Quantum Orbitals and Quantum Numbers

Vocabulary flashcards covering core concepts from orbitals, quantum numbers, and the quantum-mechanical description of electrons.

Wave-particle duality

The concept that matter and light exhibit both wave-like and particle-like properties; electrons behave as waves with a wavelength given by De Broglie.

De Broglie wavelength

The wavelength associated with a particle of momentum p: λ = h/p (with p = mv for a mass m and velocity v).

Schrödinger equation

The fundamental equation of quantum mechanics used to determine allowed wavefunctions (ψ) for a system; its solutions describe the electron’s state and energy.

Wave function (ψ)

A mathematical function describing the state of a quantum system; its square, |ψ|^2, gives the probability density of finding the electron in space.

Probability density

The squared magnitude of the wave function, |ψ|^2, representing the likelihood of locating the electron at a point in space.

Radial probability distribution

P(r) = 4πr^2|ψ(r)|^2; shows the probability of finding the electron at a distance r from the nucleus.

Node

A region where the wave function changes sign and equals zero; the probability density is zero at nodes.

Orbital

A region or volume in space where there is a high probability of finding an electron; a solution-derived region, not a fixed path.

Principal quantum number (n)

Indicates the energy level or shell. For hydrogen-like systems, the number of nodes is n−1; higher n means larger orbitals.

Azimuthal/Angular momentum quantum number (l)

Determines subshell type with l = 0 (s), 1 (p), 2 (d), 3 (f); l ranges from 0 to n−1.

Magnetic quantum number (m)

Determines orbital orientation with m ∈ {−l, …, +l}. There are 2l+1 orbitals in a subshell.

s orbital

Orbital with l = 0; spherical in shape; there is exactly one s orbital per n level (e.g., 1s, 2s, 3s); no angular nodes.

p orbital

Orbital with l = 1; dumbbell-shaped; there are three in each n≥2 (px, py, pz); has an angular node which is a plane through the nucleus (e.g., pz has the x–y plane as its node).

d orbital

Orbital with l = 2; five orbitals (dxy, dyz, dxz, dx^2−y^2, d_z^2); more complex shapes (clover or donut-like) and can be degenerate for a given n in hydrogen.

f orbital

Orbital with l = 3; seven orbitals with highly complex shapes; important for the chemistry of lanthanides and actinides.

Degenerate energy levels

Orbitals that share the same energy in a given atom (notably in hydrogen, where all orbitals with the same n have the same energy).
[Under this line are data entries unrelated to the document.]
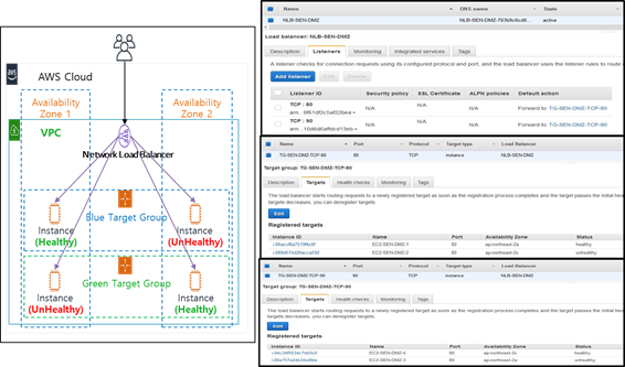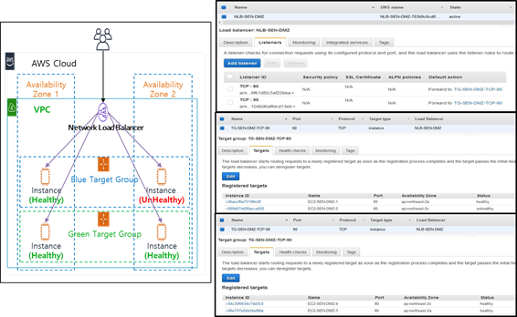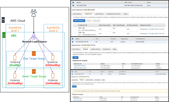 Cross-zone load balancing이 비활성화된 경우, 서비스 사용자는 Healthy인 Target만 존재하는 가용 영역으로 트래픽을 보내며 서비스 제공에 문제가 없습니다. Cross-zone load balancing이 활성화된 경우, 서비스 사용자는 모든 가용 영역으로 트래픽을 보내나 Cross-zone load balancing 동작에 의해 Healthy인 Target이 있는 가용 영역으로 서비스 제공에 문제가 없습니다. (Blue의 경우)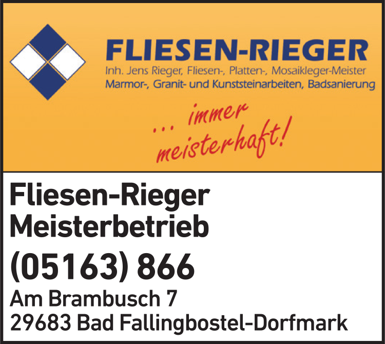 Die Adresse von Fliesen Rieger Meisterbetrieb lautet: Am Brambusch 7, 29683 Bad Fallingbostel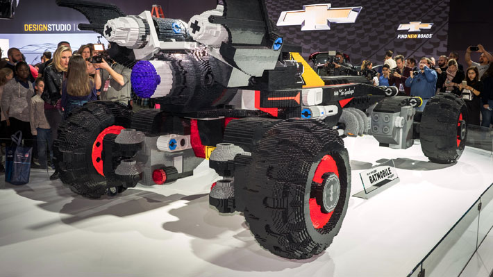 Ad portas del estreno de "Lego Batman: La Película" (el spin-off de The Lego Movie), Chevrolet aprovechó el Salón de Detroit para mostrar su última creación, nada menos que un Batimóvil tamaño real hecho de LEGO.

Shell, subshell, and orbital terminology

Shell is defined by the principal quantum number n; subshell is defined by l (s, p, d, f); orbitals are the individual regions within a subshell (2l+1 orbitals per subshell).

Radial nodes (general)

Nodes that occur as a function of r; for an s orbital, radial nodes equal n−1 when l = 0, so 1s has 0 radial nodes, 2s has 1, 3s has 2, etc.

Phase and orbital lobes

Wavefunction lobes can have different phases (positive/negative); nodes separate regions of opposite phase in p, d, and f orbitals.

Visualization of probability (brightness/dots)

The probability density is often depicted by brightness or dot density; brighter or more dots indicate higher probability of finding the electron.

Particle in a box (simple Schrödinger problem)

A simplified one-dimensional problem used to illustrate how boundary conditions yield discrete energy levels and simple wavefunctions.

Boundary conditions in quantum systems

Physical wavefunctions must be continuous and finite; enforcing boundary conditions selects physically acceptable solutions and shapes orbital behavior.

Delocalization of electrons

Electrons behave as waves that are spread out over space rather than localized at a single point; electrons occupy orbitals describing where they are likely found.